Cluster Flow is designed to work with a computing cluster. It currently supports the Sun GRIDEngine, LSF and SLURM job managers (not PBS, Torque or others).
If you don't have a cluster with a supported manager, you can run Cluster Flow on
any command-line machine in local
mode. This writes a bash script and runs it as
a job in the background.
To run analyses, you will also need the required tools to be installed. Cluster Flow
is designed to work with the environment module system and load tools as required, but
if software is available on the PATH
it can work without this.
If you are a user on a HPC cluster, you may already have Cluster Flow installed on your cluster as an environment module. If so, you may be able to load it using:
module load clusterflow
Cluster Flow is a collection of stand-alone scripts, mostly written in Perl.
- Download Cluster Flow (see the releases page)
wget https://github.com/ewels/clusterflow/archive/v0.5.tar.gz
- Extract the files
tar xvzf v0.5.tar.gz
- Create & configure the site-wide configuration file
cd clusterflow-0.5
cp clusterflow.config.example clusterflow.config
vi clusterflow.config
You must specify your environment in the config file (@cluster_environment
:
local
, GRIDEngine
, SLURM
or LSF
), most other things are optional.
The cf
executable must be in your system PATH
, so that you can run it easily
from any directory. Ensure that you run the Configuration Wizard (described below)
so that this config is created in your ~/.bashrc
file.
If you prefer, you can symlink the cf
executable to ~/bin
.
Once Cluster Flow has been set up site-wide, you need to configure it for your personal use:
cf --setup
This will launch a wizard to write a config file for you, with details such as e-mail address and notification settings.

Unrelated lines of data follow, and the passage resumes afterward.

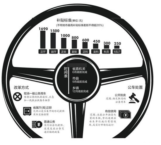 关于公车改革,一直牵挂着各方的视线。日前,广东省纪委主办刊物披露了最新广东公车改革方案具体内容,广东车改在严格执行国家规定之内执行,具体补贴标准为正厅级1690元,副厅级1500元,正处级1000元,副处级800元,正科级600元,副科级450元,科员300元,科员以下250元。同一地市补贴标准相同,不同地市之间规定最高相差要控制在20%之内。
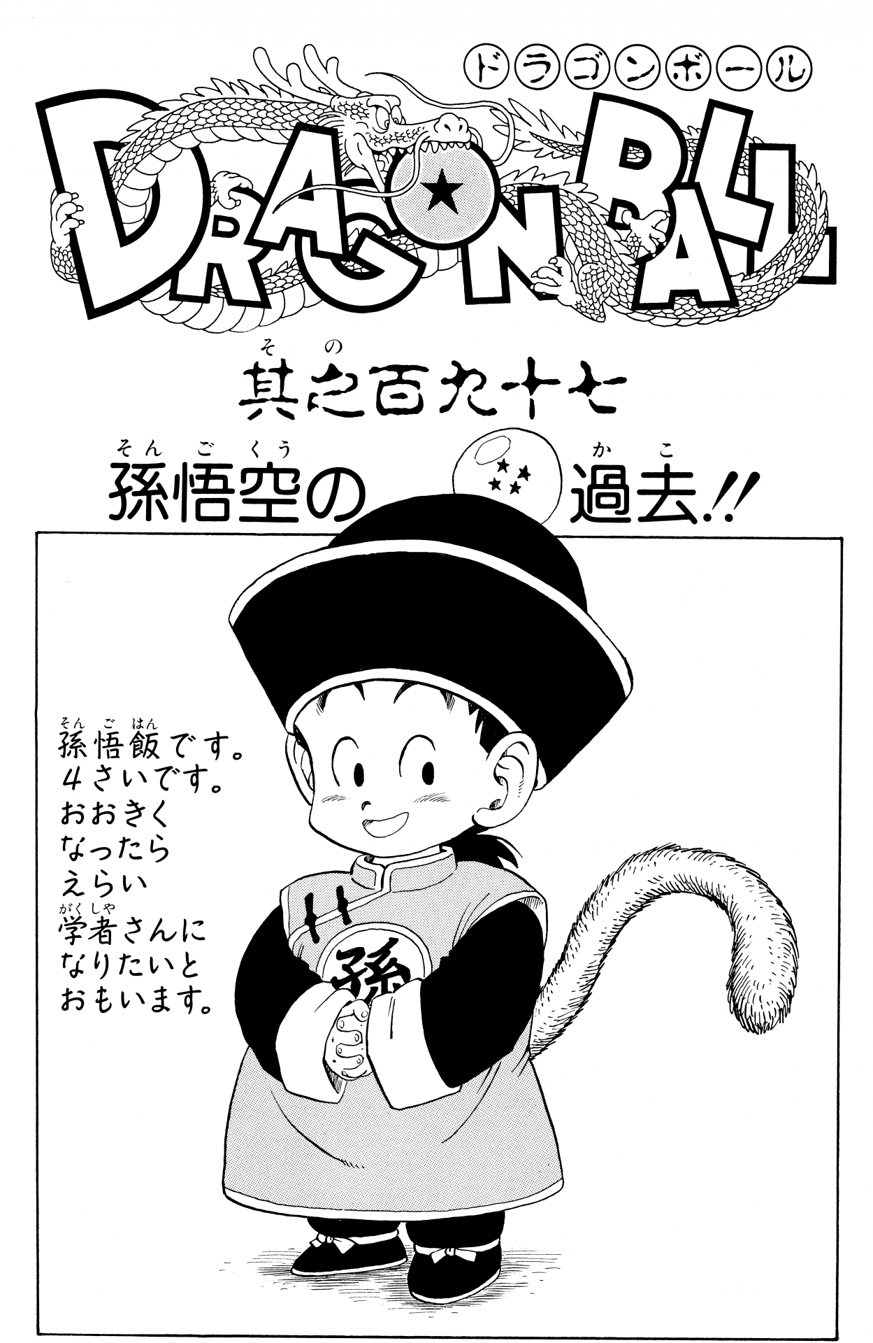 Este atuendo con la marca de la familia "Son" en su pecho fue lo que usó Gohan durante su primera aparición en la serie. Tiene una abertura en la parte posterior para la cola de Gohan, ¿y no es adorable el sombrero con la Four-Star Ball del Abuelo Gohan? Cuando la tripulación fue al Planet Namek, Chichi lo hizo usar un atuendo que presentaba una pajarita y le dio un corte de tazón, ¡como si se dirigiera a una fiesta elegante! Finalmente, el día después de la muerte de Goku, Gohan usó este solemne traje negro, presumiblemente para asistir al funeral de su padre.
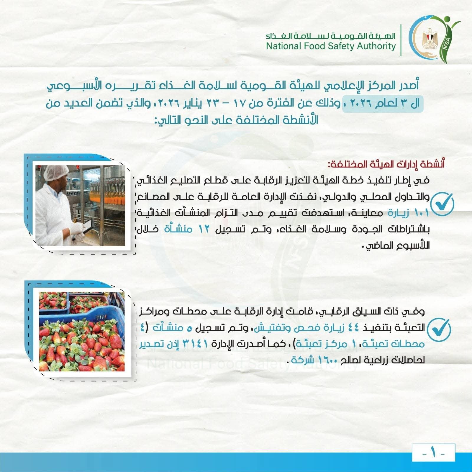 أصدر المركز الإعلامي للهيئة القومية لسلامة الغذاء تقريره الأسبوعي الثالث لعام 2026، وذلك عن الفترة من 17 – 23 يناير 2026، حيث نفذت الإدارة العامة للرقابة على المصانع 101 زيارة معاينة، استهدفت تقييم مدى التزام المنشآت الغذائية باشتراطات الجودة وسلامة الغذاء، وتم تسجيل 12 منشأة خلال اللأسبوع الماضي.
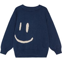 Armygrøn striktrøje i bomuld/uld med rund halsudskæring, ribkanter ved håndled og hofte. Trøjen har en løs pasform og et frontmønster. På fronten af trøjen er der et stort smilende pixelansigt i gul med sort outline.
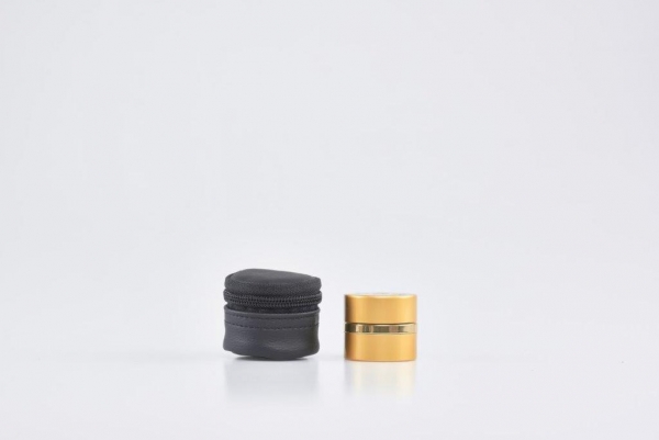 Ölgefäß in Kunstlederetui, Material: Aluminium vergoldet, mit Einsatz, Dimension: 6 x 5 cm, Einzelgefäßdurchmesser: 4 cm
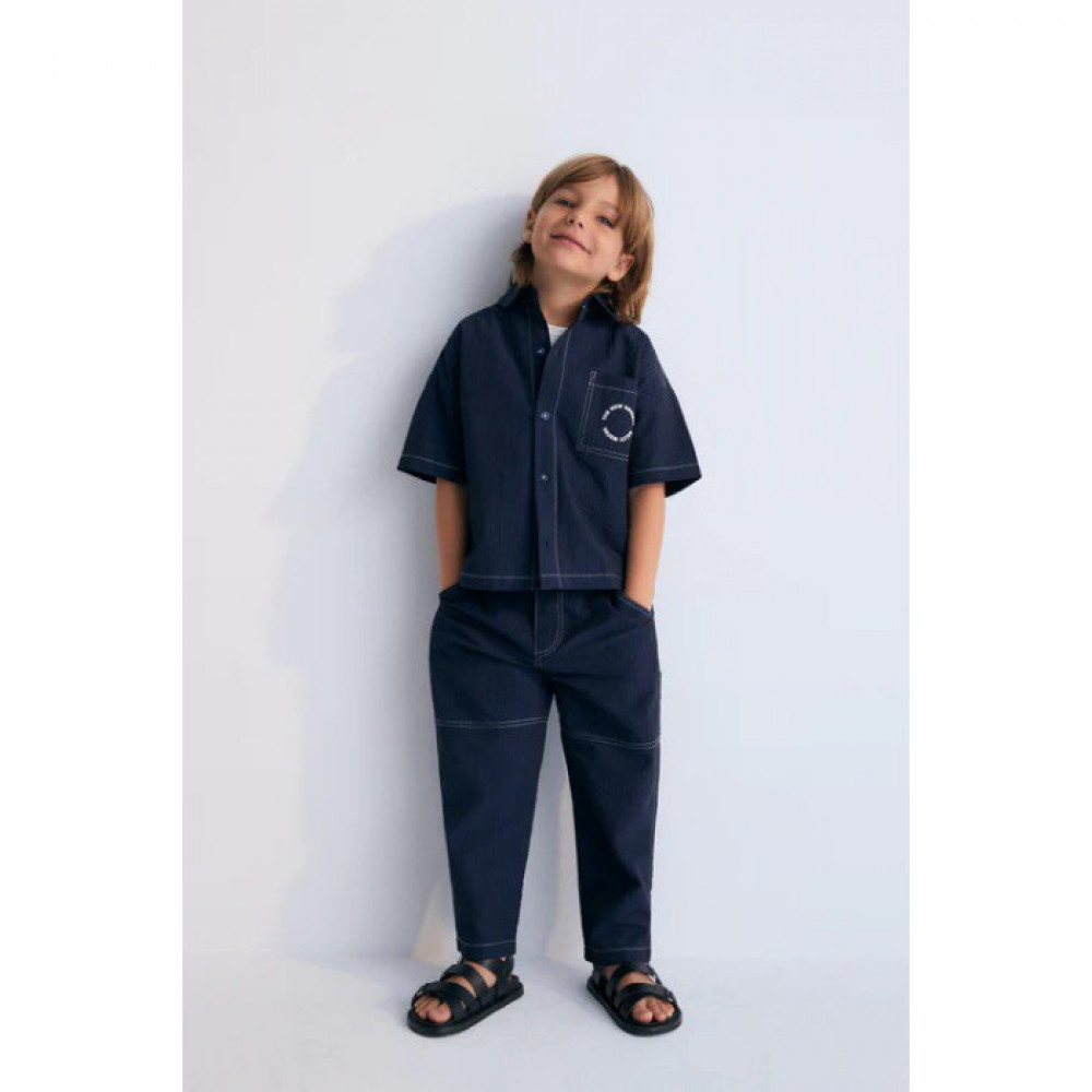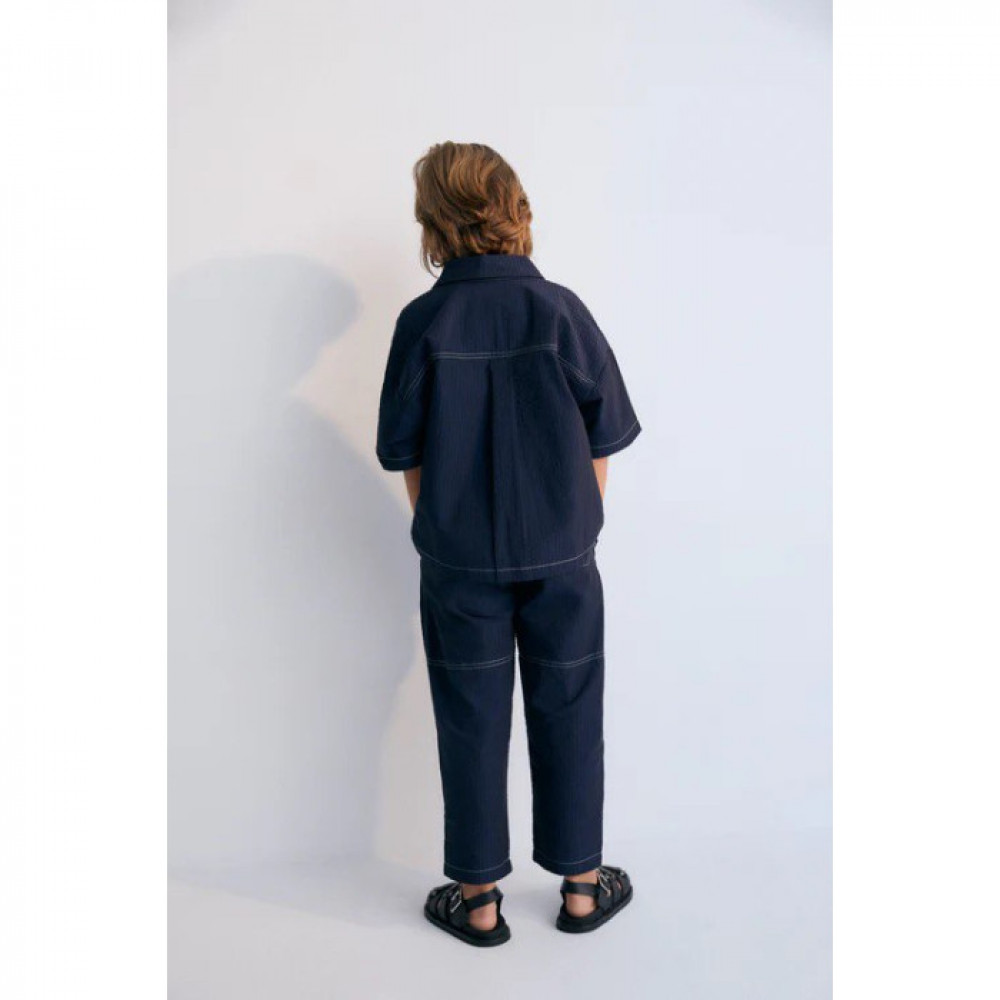 Штани Corinto виготовлені зі 100% бавовни темно-синього сирсукера з контрастними швами для вишуканого дотику. Горизонтальний виріз штанини створює сучас ний привабливий силует, а невидимі застібки зберігають чистий, вишуканий вигляд. Ідеально поєднуючись із сороч кою Corinto в тон, ці штани доповнюють вишуканий і зручний ансамбль. Машинне прання 30º/не відбілювати/сушити в пральній машині при низькій температурі/прасувати при середній температурі/хімчистка, будь-який розчинник, крім трихлоретилену.
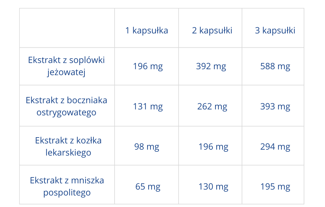 Składniki: ekstrakt z soplówki jeżowatej (Hericium erinaceus), ekstrakt z boczniaka ostrygowatego (Pleurotus ostreatus), kapsułka roślinna (HPMC), ekstrakt z kozłka lekarskiego (Valeriana officinalis), ekstrakt z mniszka pospolitego (Taraxacum officinale), stabilizator – sole magnezowe kwasów tłuszczowych.
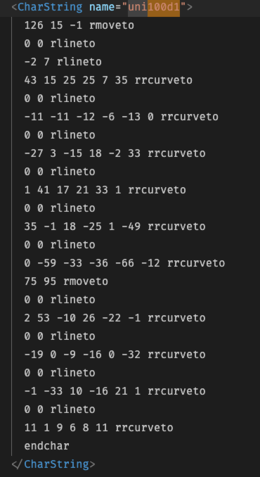 字体是由坐标画出来的,关键词:rmoveto, rlineto, rrcurveto等

Most analysis pipelines need a reference genome. This can exist in a central location or in your personal setup (or both).
If you're using the Swedish UPPMAX cluster, please see these instructions.
You can add your reference genome paths with the following wizard:
cf --add_genome
That should be it! Log out of your session and in again to activate any new bash settings. Then try launching a test run:
cf --genome GRCh37 sra_bowtie ftp://ftp.ddbj.nig.ac.jp/ddbj_database/dra/sralite/ByExp/litesra/SRX/SRX031/SRX031398/SRR1068378/SRR1068378.sra
This will download SRR1068378 (Human H3K4me3 ChIP-Seq data), convert to FastQ, run FastQC, Trim Galore! and align with bowtie.